Solvers

Solver(simulation, t_end)

Bases: ABC

Base class for system integrators. All subclasses must implement a run method.

PARAMETER	DESCRIPTION
simulation	an instance of Simulation to solve. TYPE: Simulation
t_end	positive integer at which to stop the simulation. TYPE: int

Source code in psymple/simulate/solvers/solver.py

def __init__(self, simulation: Simulation, t_end: int):
    """
    Instantiate a solver.

    Args:
        simulation: an instance of `Simulation` to solve.
        t_end: positive integer at which to stop the simulation.
    """
    if t_end <= 0 or not isinstance(t_end, int):
        raise ValueError(
            "Simulation time must terminate at a positive integer, "
            f"not '{t_end}'."
        )
    self.t_end = t_end
    self.simulation = simulation

ContinuousIntegrator(simulation, t_end)

Bases: Solver

An interface to scipy.integrate.solve_ivp. The input from the simulation object is manipulated into a form acceptable by the scipy solver and run.

Using another solver

The attribute _callable created on instantiation is a function with signature (t,y) which is a form accepted by, or easily coerced into, many other python-implemented ODE solvers.

PARAMETER	DESCRIPTION
simulation	an instance of Simulation to solve. TYPE: Simulation
t_end	positive integer at which to stop the simulation. TYPE: int

Source code in psymple/simulate/solvers/scipy_integrator.py

def __init__(self, simulation: Simulation, t_end: int):
    """
    Create a `ContinuousIntegrator` instance.

    Args:
        simulation: an instance of `Simulation` to solve.
        t_end: positive integer at which to stop the simulation.
    """
    super().__init__(simulation, t_end)
    self.simulation._compute_substitutions()
    self._callable = self._wrap_for_solve_ivp()

run()

Run the solver according to its parameters.

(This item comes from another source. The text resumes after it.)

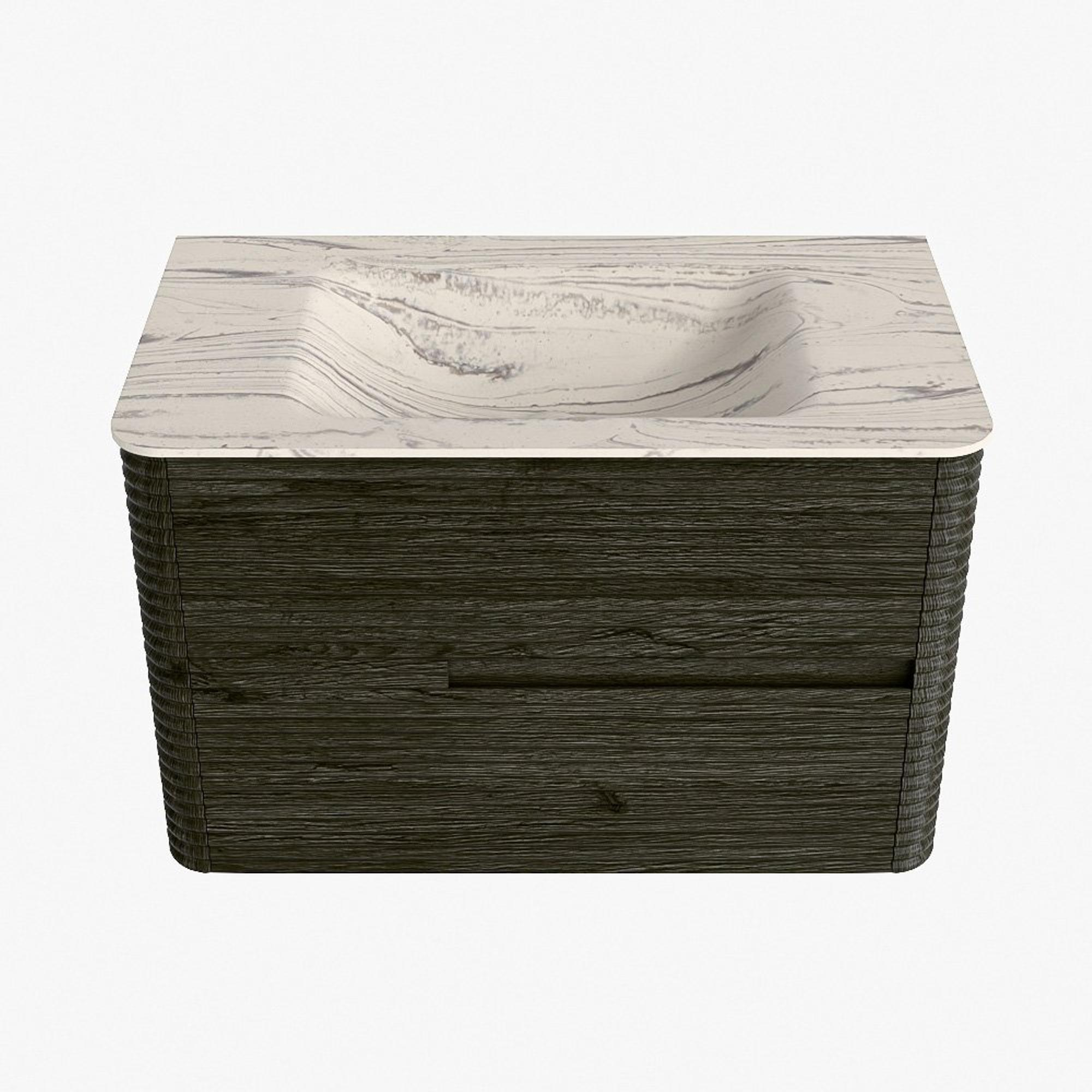 Mondiaz CIRO-DLUX Ensemble de meubles de salle de bains - 80x45x50cm - plan-vasque solid surface Nata - 1 vasque centrale - sans trous de robinet - 2 tiroirs - Shadow

Source code in psymple/simulate/solvers/scipy_integrator.py

def run(self):
    """
    Run the solver according to its parameters.
    """
    # Initial values are defined as the most recent value in the time series
    initial_values = [v.time_series[-1] for v in self.simulation.variables.values()]
    res = solve_ivp(
        self._callable, [0, self.t_end], initial_values, dense_output=True
    )
    # Assign the interpolating solution object to the simulation
    self.simulation.solution = res.sol
    # Update time and variable time series with simulation result
    time_series = arange(0, self.t_end, 0.1)
    self.simulation.time.time_series = time_series
    for i, v in enumerate(self.simulation.variables.values()):
        v.time_series = res.sol(time_series)[i]

DiscreteIntegrator(simulation, t_end, n_steps)

Bases: Solver

A forward Euler method integrator.

Warning

This is a very rudimentary solver, and performs no accuracy checks or optimisation. It is primarily intended for prototyping or unit testing certain features since its behaviour is fully controlled.

PARAMETER	DESCRIPTION
simulation	an instance of Simulation to solve. TYPE: Simulation
t_end	positive integer at which to stop the simulation. TYPE: int
n_steps	the number of substeps to compute per time unit. TYPE: int

Source code in psymple/simulate/solvers/discrete_integrator.py

def __init__(self, simulation: Simulation, t_end: int, n_steps: int):
    """
    Create a `DiscreteIntegrator` instance.

    Args:
        simulation: an instance of `Simulation` to solve.
        t_end: positive integer at which to stop the simulation.
        n_steps: the number of substeps to compute per time unit.
    """
    super().__init__(simulation, t_end)
    self.n_steps = n_steps

run()

Run the solver according to its parameters.

Source code in psymple/simulate/solvers/discrete_integrator.py

def run(self):
    """
    Run the solver according to its parameters.
    """
    for i in range(self.t_end):
        self._advance_time_unit(self.n_steps)